Quero morar aqui quando eu crescer.
Maguebeat, maracatu, frevo.
Olinda.
RECbeat.
Rua da moeda, da guia, do bom Jesus.
O marco Zero.
Brennand.
Paço da alfândega.
Os arrecifes.
Praia de Boa Viagem.
O mar cheio de tubarão.
E o carnaval mais raiz que já vi.


Depois da Ana Paula, fiquei na casa do Raphael do couchsurfing, e não poderia ter sido melhor. A família dele é super gente boa, e o Andrew, um gringo gente fina que fala português com sotaque de pernambucano.
No segundo dia chegou o Aaron, um texano que ficou por aqui também. Que se enrolava todo pra chegar nas meninas, já que não fala nada de português. Boas companhias pro carnaval.

Uma coisa é certa, é impossível encontrar com alguém se não se está na mesma casa durante o carnaval.

Depois de milhões de créditos gastos, centenas de mensagens enviadas e recebidas e desencontros (é rapaz, Olinda é complicado) encontrei com o memorável Moura só no show do Nação Zumbi no pólo da Várzea.
E perdido um outro dia na ladeira dos cearenses (085) em Olinda.

O André, um amigo de Buenos Aires, se complicou e não pode ir para o Carnaval.

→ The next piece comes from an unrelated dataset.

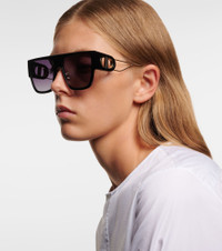 Inlaid with golden CD branding at the temples, these 30Montaigne S3U sunglasses from DIOR Eyewear are a nod to one of the house's signature bags. They're made from acetate and gold-toned metal, in an oversized flat-top silhouette with tonal tinted lenses. Wear your hair slicked back to keep them in full focus. Product Details - Frame color: black, gold - Frame material: acetate, metal - Lens color: grey blue - comes with cleaning cloth - comes in a logo-embossed case - The color of the case may vary - Lens filter category 3 - Made in Italy - Item number: P00574243 Size & Fit - Lens width: 58mm-2.3" - Bridge size: 18mm-0.7" - Earpiece length: 130mm-5.1"

Em breve tô chegando em Fortaleza, ainda vão me aturar por mais um tempo.

Mas antes de Fortaleza ainda tenho um longo caminho a seguir... tenho que pensar no próximo destino: João Pessoa.



Mosteiro de São Bento, Olinda.











Em sua esperada volta, Jesus compra caipirinhas.











 Muita gente. Muito calor. Muita doidera. Muito de tudo!










Alguns dos Borats que invadiram o carnaval de Olinda.

quinta-feira, 11 de fevereiro de 2010

RECIFE!


Finalmente Recife!
O César me deixou num bairro longe lá. E peguei um busão pro Centro.


Tava super de boa pra sair caminhando por aí. Até que conversei com um cara no ônibus que peguei pra vir ao centro:
- é desce aí no ponto, vai pela avenida guararapes, e vc vai ver o predio dos correios, aí atravessa a ponte (do galo) e já ta no centro.
- valeu mesmo cara.
- mas toma cuidado. se opovo gritar. "arrastão!" tu sai correndo e entra numa loja.
-... (engoli seco) ok.

Agora tô aqui, tentando falar com minha mãe, esperando alguém gritar "arrastão!", pegar o endereço de uma amiga dela, ir lá tomar um banho. E ver que diabos eu vou arrumar agora que tô na capital do frevo! Momentaneamente sozinho!



Estou decidindo também, se fico por aqui mesmo, esperando o Mamão e o Moura chegarem, ou se vou lá pra Fortaleza. Ou pra Natal.
E volto quando eles chegarem.

Quero deixar a mochila em algum lugar. Pra já começar a aproveitar aqui. O bicho tá pegando. A cidade tá parada. E o frevo rolando solto!

Amanhã show do Jorge Ben, Cordel e Zé Ramalho.


O problema agora é achar essa amiga da minha mãe mesmo. O Couchsurfing me deixou na mão... Tá congestionado. Sem sinais de que volta logo. :(

Fotos, ponho logo. Esqueci o cabo da camera e o adaptador do cartão. Show né.

segunda-feira, 8 de fevereiro de 2010

Carona até Feira!

Filtro solar e plaquinha de Vitória da Conquista em mãos.
Em uma hora parou uma carreta.
Cara tava indo pra Feira de Santana.
O Júnior Washington, baiano arretado que só a porra.

Aí que eu percebi que não fala baianês. O cara tinha que repetir três vezes, pra eu entender.

- rapaz tu é doido demais que só a porra. tu não tem medo não bichinho?
- nada cara... vou me arrumando aí. e a idéia é tentar chegar em recife antes do galo sair.

O galo. O famoso Galo da Madrugada.

- tá doido...

E ficou lá me chamando de doido a viagem toda. Falando naquele baianês que tava difícil de entender.
Mas já deu pra sacar o que ia me esperar até então, cada música mais doida que a outra. E um tal de Zezo foi tocando a viagem toda.


Logo na arrancada saindo de Valadares, o caminhão já mostrou que ia dar trabalho a viagem toda.
Parou na subida, e o Jr. teve que deixar ele voltar de ré, pra arrancar de novo.

- rapaaaaz. esse caminhão parece que vai dar a doida.

E deu mesmo. Em quase toda subida larga tivemos que voltar, pra arrancar de novo.
Ou subir de terceira, a 5km/h. Agilidade pura e total. Desse jeito ia chegar em Feira uns 3 dias depois.

Chegamos em Itaobim e o caminhão decidiu morrer de vez por ali. Falha no sistema do botão que precisa apertar pra marcha descer.
Solução, dormir por ali mesmo. E esperar para que a carreta reaja, no outro dia, pra gente tocar viagem.